Mayo Clinic, a nonprofit organization based in Rochester, Minn., and Gentag, a wearable biosensor company based in Washington, D.C., have reached an agreement to develop the next generation of wearable biosensors designed to fight obesity and diabetes.
"We are hoping that this technology will be game-changer. These patch biosensors may help us reduce global obesity and diabetes," said James Levine, M.D., Ph.D., a Mayo Clinic endocrinologist and obesity researcher. "They are accurate, inexpensive and can be integrated into the care people receive."

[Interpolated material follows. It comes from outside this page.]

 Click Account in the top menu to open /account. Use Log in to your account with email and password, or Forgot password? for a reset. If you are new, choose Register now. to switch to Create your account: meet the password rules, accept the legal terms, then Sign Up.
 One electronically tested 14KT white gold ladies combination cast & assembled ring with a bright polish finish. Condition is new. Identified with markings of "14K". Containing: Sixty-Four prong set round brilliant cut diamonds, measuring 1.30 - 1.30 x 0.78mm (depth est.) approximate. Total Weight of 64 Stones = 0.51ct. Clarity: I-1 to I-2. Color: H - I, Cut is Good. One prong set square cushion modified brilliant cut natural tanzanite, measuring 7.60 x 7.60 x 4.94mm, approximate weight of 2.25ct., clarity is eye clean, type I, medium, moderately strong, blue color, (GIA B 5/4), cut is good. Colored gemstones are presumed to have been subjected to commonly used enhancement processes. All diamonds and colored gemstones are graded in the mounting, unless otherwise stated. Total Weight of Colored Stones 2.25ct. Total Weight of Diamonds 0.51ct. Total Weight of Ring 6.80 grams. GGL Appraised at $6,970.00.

The wearable patch sensors are the size of a small bandage and are designed to be painless, wireless and disposable. In the bandage is a sensor that communicates via a closed-loop diabetes management system which is compatible with cell phones. The system will allow researchers to monitor movement and develop treatments for obesity and related conditions.
A joint intellectual property (IP) agreement with Mayo Clinic made the R&D of this tool possible. Gentag signed a patent pooling agreement with Mayo Clinic for the management of IP related to wearable patch sensor and wireless communication technologies. Certain patent rights and technologies of both Mayo Clinic and Gentag will be combined and commercialized.

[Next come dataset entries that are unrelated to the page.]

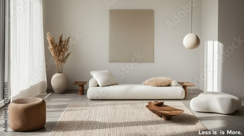 Serene Minimalist Living Room Interior Design with Neutral Tones and Natural Textures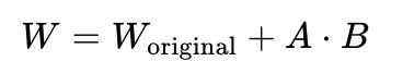 - 核心思想是将权重矩阵 W 分解为两个低秩矩阵 A 和 B 的乘积,即: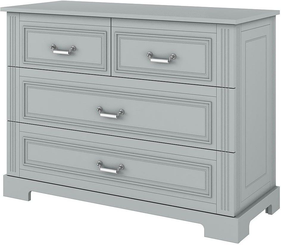 Komoda 4-szufladowa INES: Klasyczna Elegancja Szarości Komoda z linii Ines to wyrafinowane rozwiązanie dla starszych dzieci, które zachwyca swoim klasycznym designem oraz wyjątkową funkcjonalnością. Stanowi doskonałe uzupełnienie wyposażenia dla starszych pociech, prezentując elegancję i praktyczność w jednym. Doskonale pasuje zarówno do pokoju dziecka, jak i sypialni rodzeństwa czy rodziców. Dodatkowo, komoda została zaprojektowana z myślą o możliwości zamontowania na niej przewijaka, co zwiększa jej wszechstronność i użytkowość. Cechy komody 4-szufladowej INES: trzy pojemne szuflady (pierwsza szuflada podzielona jest od wewnątrz na dwie części możliwość zamontowania przewijaka (po lewej lub prawej stronie komody) ręcznie wykonane uchwyty bardzo wygodne w użytkowaniu, możliwość zamontowania do ściany (zalecane), spełnia europejskie standardy i normy bezpieczeństwa. KLASYCZNE MEBLE PEŁNE ELEGANCJI! Materiał i wykończenie: fronty szuflad, boki, blat, cokoły wykonane są z płyty MDF lakierowanej na kolor złamanej bieli (elegant white), korpus mebla wykonany jest z wysokiej jakości płyty laminowanej odpornej na uszkodzenia i wilgoć, łatwej do utrzymania w czystości, najwyższej klasy prowadnice firmy Blum wyposażone w system domykający i spowalniający zamykanie, ręcznie wykonane porcelanowe uchwyty, farby wykorzystane w procesie lakierowania są bezpieczne dla dzieci, certyfikowane, nie wywołują alergii. WYMIARY KOMODY 4-SZUFLADOWEJ INES UWAGA! Prezentowane wybarwienia mają wyłącznie charakter poglądowy. Mogą wystąpić minimalne różnice wynikające z różnych ustawień monitora. Meble dostarczane są w paczkach do samodzielnego zmontowania. W paczkach znajduje się szczegółowa instrukcja montażu wraz z wyposażeniem (śrubki etc.). Meble dostarczane jest za pośrednictwem firmy kurierskiej, kierowca nie wnosi mebli do domu. W razie jakichkolwiek pytań jesteśmy do dyspozycji

The two firms will collaborate with third parties under license to bring Mayo Clinic's experience in medicine and clinical practices to the public by the development of the next generation of wearable skin patch technologies from Gentag in the areas of diabetes and obesity management. More than 50 issued patents and technologies are being offered for licensing under the agreement.
Additionally, Mayo's Micro-Miniature Transceiver chip will be combined with Gentag's radar-responsive tag technology and integrated under license to create a new type of communication chip that will combine Near Field Communication (NFC), Body Area Networks (BAN) and long-range wireless communication and geolocation.